The plugin automatically detects the ciphertext format from `client.specs.json` inside `client.zip`:

| Format | `n_bits` | Circuit size | Notes |

|--------|----------|--------------|-------|

| **CONCRETE** (default) | 1–7 | Small | Seeded LWE encryption, Cap'n Proto Value serialization |

| **TFHE-RS** | 8 | Large | Raw TFHE-rs `FheUint8`/`FheInt8`, bincode serialization |

No code changes needed when switching formats — `ConcreteClient` routes through the appropriate path based on what the model was compiled with.

## Compatibility

- **Concrete ML**: Accepts standard `client.zip` from `FHEModelDev.save()`

- **TFHE-rs**: Git revision `1ec21a5` (matching `concrete-ml-extensions` 0.2.0)

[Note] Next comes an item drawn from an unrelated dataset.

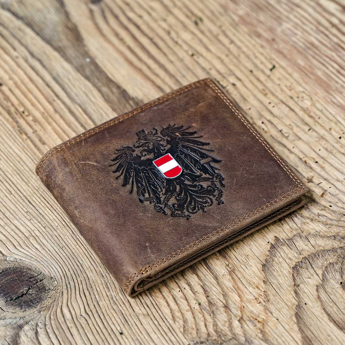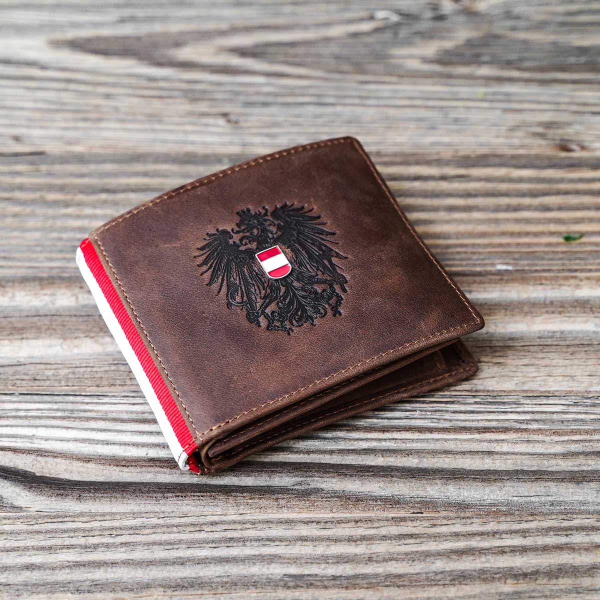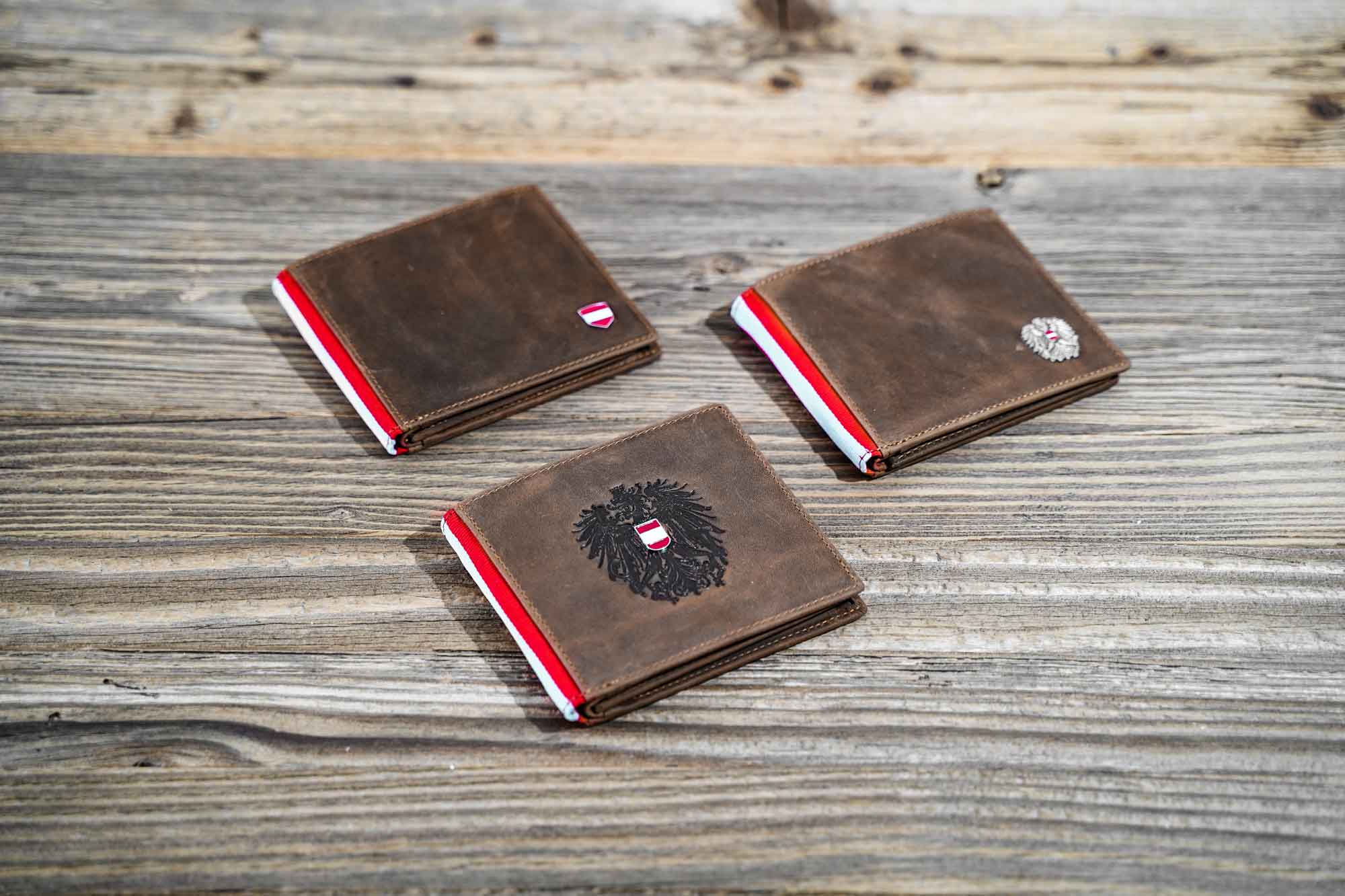 Entdecke die neue Geldtaschen Kollektion, gefertigt aus Premium Voll-Leder in Vintage Optik mit Österreich Veredelungen.

- **Keygen parameters**: Derived dynamically from circuit topology

- **Serialization**: Cap'n Proto (evaluation keys and CONCRETE ciphertexts), bincode (TFHE-RS ciphertexts)

- **Platforms**: iOS, Android

- **Encoding widths**: FheUint8–FheUint64, FheInt8–FheInt64 (selected automatically from `client.specs.json`)

## Known limitations

1. **Single input/output tensor** — assumes one input and one output tensor per circuit.

2. **Native encoding mode only** — chunked and CRT encoding modes are not supported (fail-fast with `UnsupportedError`).

3. **Single output quantizer** — only the first output quantizer is used. Models with per-output quantization (some neural networks) are not yet supported.

4. **QuantizedModule / custom torch models** — arbitrary circuit outputs require `PostProcessing.none()` or `PostProcessing.custom()`.

## License

BSD-3-Clause